Pour les marchés financiers en déroute, le moment est grave. “ Soudain, le secteur bancaire semble revenu quatre mois en arrière. Comme lors de la faillite de Lehman Brothers (le 15 septembre 2008) chaque journée est rythmée par son lot de nouvelles désastreuses (...). Et comme en septembre, la rumeur devient poison mortel (...). Cette rechute des « subprime » intervient alors que les gouvernements croyaient pouvoir maintenir à flot leurs banques à coup d’injections massives de fonds publics ” (2) écrit le Temps du 20 janvier. On en parle de plus en plus, ajoute le New York Times, “ Les gouvernements auront-ils à acheter les actifs toxiques pour les réunir dans une “ mauvaise banque ” (bad bank) ou une “banque de regroupement” (aggregator bank) qu’ils financeraient ? (...) Les banques pourraient ne pas vouloir de cette ouverture, parce qu’évaluer précisément leurs actifs toxiques pourrait en obliger certaines à enregistrer de lourdes pertes, à admettre leur insolvabilité et à fermer boutique ” (3).
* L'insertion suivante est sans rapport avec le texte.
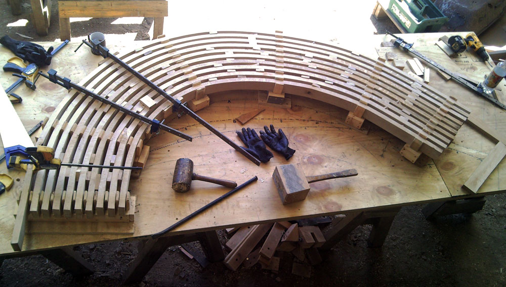 Steam-bent and glue-laminated English Oak, stainless steel fixings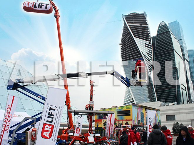 Протестировав вышку, персонал компании с удовольствием предоставил посетителям выставки возможность абсолютно безопасно подняться на высоту 22 метра и осмотреть всю территорию Экспоцентра с высоты птичьего полета.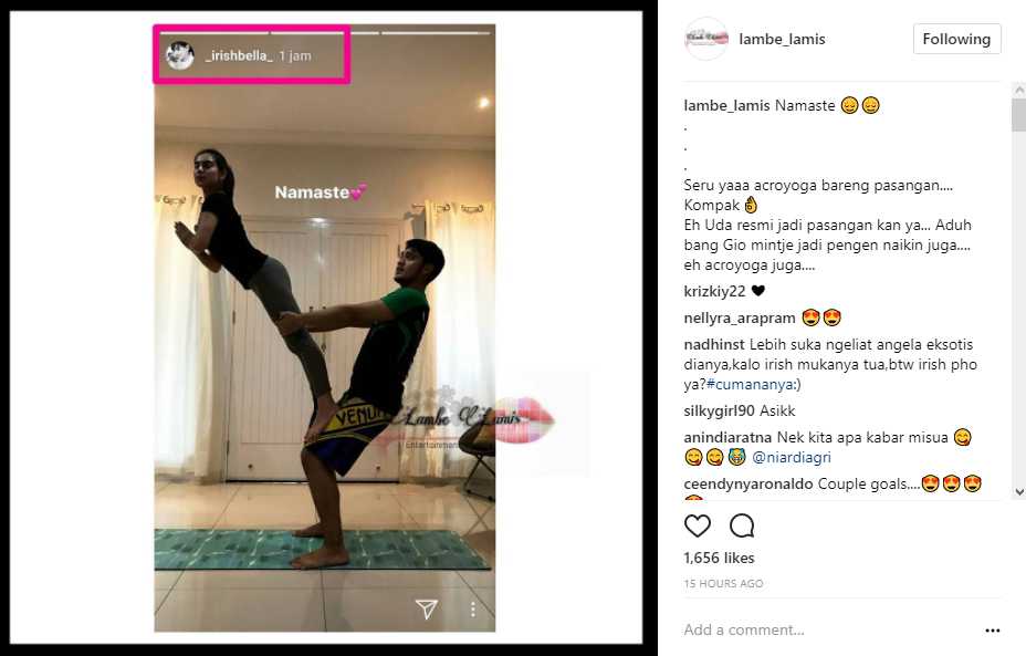 Melalui postingan akun gosip @lambe_lamis, terlihat Irish Bella berdiri tegak bertumpu di paha Giorgino Abraham. Tak hanya itu, telapak tangan Irish Bella tampak menyatu sama lain seolah memberi salam. "Namaste," tulis mantan kekasih Rezky Aditya itu dalam keterangan postingannya.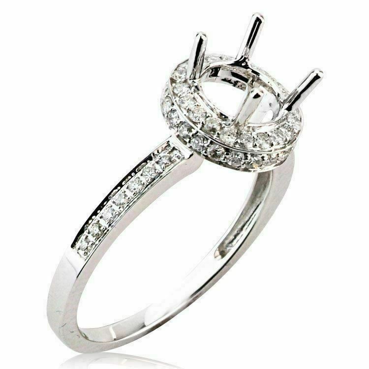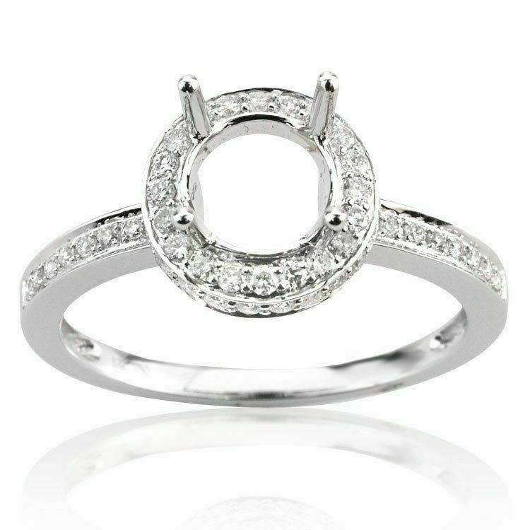 0.60CT DIAMOND 14KT WHITE GOLD 3D 4 PRONG HALO SEMI MOUNT ENGAGEMENT RING

Notons que les plus responsables du maelström actuel sont les plus absents : la crise financière est partie des Etats-Unis, mais Barak Obama travaille chez lui, elle entraîne l’économie réelle mais les banquiers restent chez eux. Et que ceux à qui revient in fine la charge financière et politique d’une déroute qui bouleverse le monde et la vie des populations sont les politiques – eux, très présents – , ceux-là mêmes auxquels financiers et acteurs économiques déniaient ces dernières années, au sein du Forum économique mondial, la légitimité d’interférer dans les affaires économiques. Ils n’étaient pas les seuls. Qu’avons-nous vu en effet ? Le développement progressif d’associations d’intérêts privés revendiquer une légitimité parallèle (organisations non gouvernementales, églises, groupes d’influence informels) et non subordonnée à celle des Etats – c’est-à-dire, au moins en démocratie, des élus, de ceux qui représentent le bien commun.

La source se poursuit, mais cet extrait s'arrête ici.